> _Data block_:
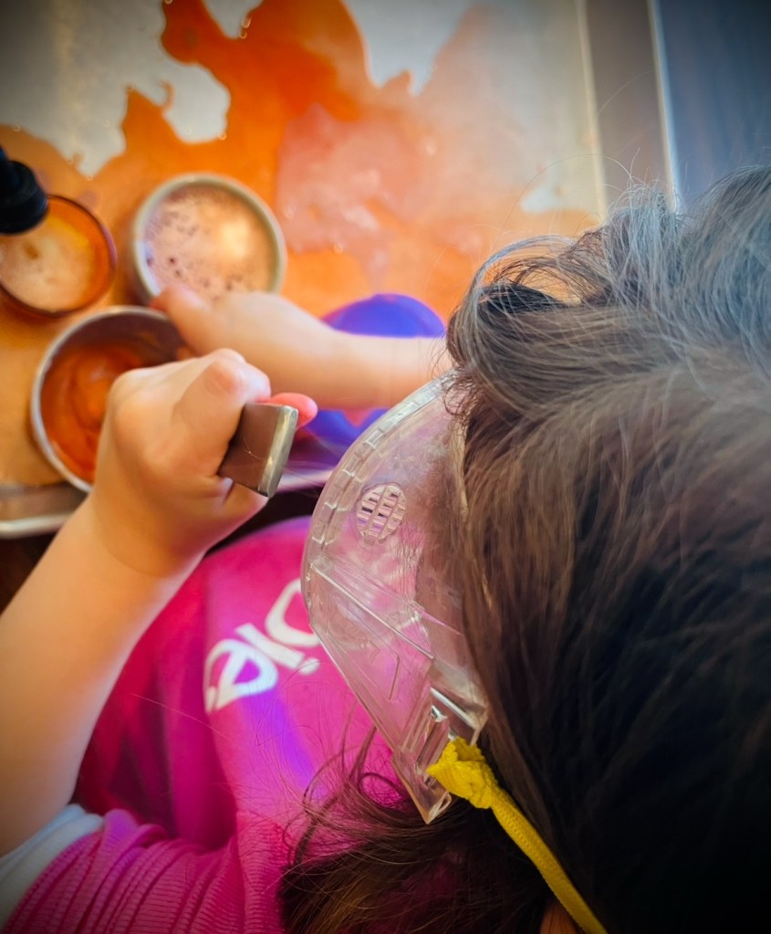 Then came the thumb wars—giggles and all—even the baby got involved. The fun turned to more science when our 3-year-old requested an experiment. I filled a cake pan with soap, vinegar, baking soda, and some red drink powder. She used a dropper to test different combinations and described what she heard, saw, and smelled.
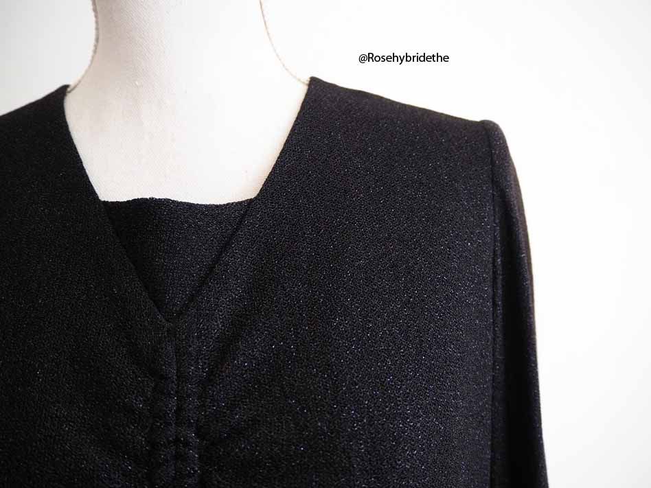 Le haut de la robe est pailleté et la jupe toute noire.
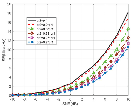 As shown in Formulas (12) and (13), the SINR is in direct proportion to the MMR power (i = 1, 2); the absolute value of channel coefficient and also has the influence on SINR.
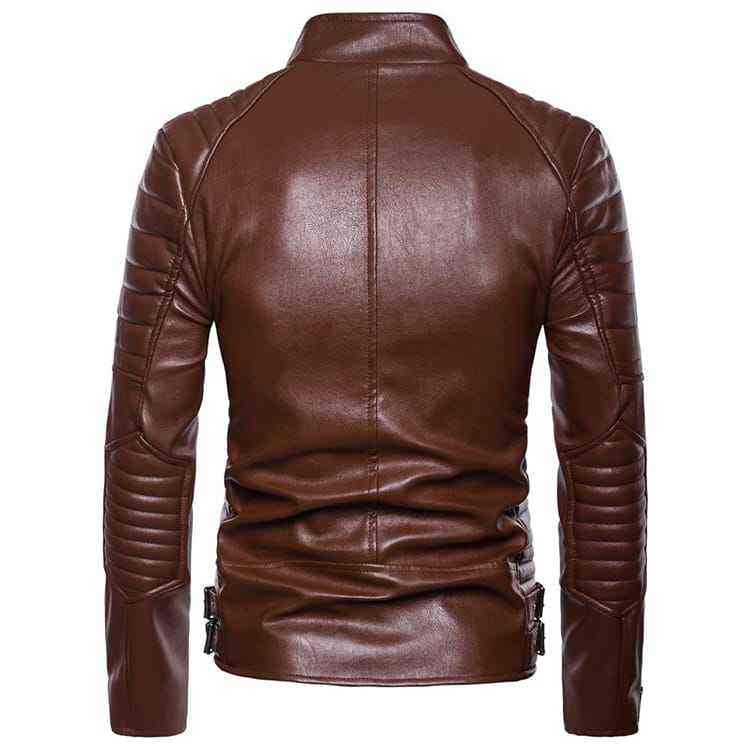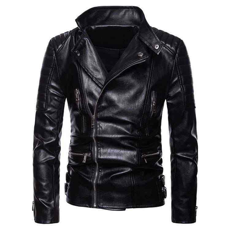 Blouson de moto en similicuir PU grande taille pour homme, col montant, fermeture éclair, style motard

> _Task item_:
The whole listing must be restated word for word. Leave out any pictures.

> _Solution_:
 Then came the thumb wars—giggles and all—even the baby got involved. The fun turned to more science when our 3-year-old requested an experiment. I filled a cake pan with soap, vinegar, baking soda, and some red drink powder. She used a dropper to test different combinations and described what she heard, saw, and smelled.
 Le haut de la robe est pailleté et la jupe toute noire.
 As shown in Formulas (12) and (13), the SINR is in direct proportion to the MMR power (i = 1, 2); the absolute value of channel coefficient and also has the influence on SINR.
 Blouson de moto en similicuir PU grande taille pour homme, col montant, fermeture éclair, style motard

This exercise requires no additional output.